During a trip to Colombia in July, U.S. drug czar Barry McCaffrey
warned that the new coca leaf could help drug lords recover from
Colombia's aggressive aerial fumigation program. Since 1996, police
pilots have sprayed about 380,000 acres of coca.

"If you get a higher content plant, we may erase the gains of the last
three years in the coming year," McCaffrey said.

Although the police hope to start fumigating in Putumayo in the coming
months, they now lack spray planes, support helicopters and other
facilities to cover the region.

The area is also a haven for the Revolutionary Armed Forces of
Colombia, the nation's largest rebel group known as the FARC. The
organization earns millions of dollars annually by providing
protection for drug traffickers and coca farmers.
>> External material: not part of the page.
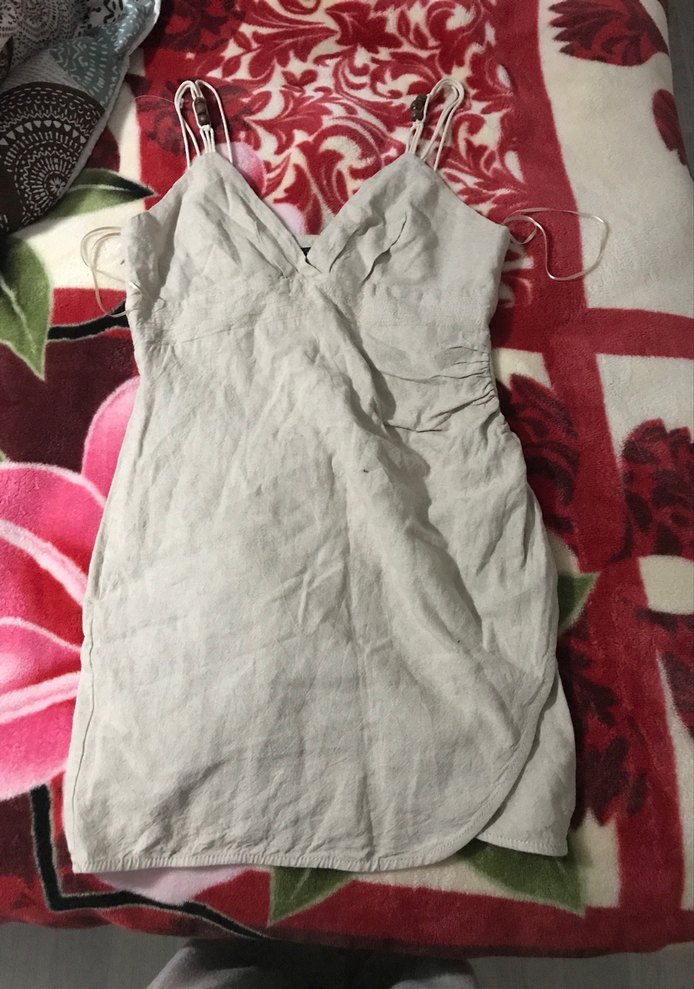 Gri keten kumaştan, V yakalı ve drapeli, fitted kesim midi elbise. Minimalist ve bohem tarzda, günlük kullanım için uygun.

FARC rebels have shot down low-flying crop dusters and support
aircraft, killing dozens of Colombian pilots as well as three U.S.
civilian fliers contracted by the State Department. In July, a U.S.
reconnaissance plane on an anti-drug mission crashed in the mountains
of Putumayo, killing the five U.S. soldiers and two Colombians aboard.

Colombia is receiving about $289 million in U.S. aid for the police
and military this year and has requested another $500 million over the
next two years. But critics say that the aerial spraying program has
failed to reduce drug production levels in Colombia because coca
farmers simply move on and plant more.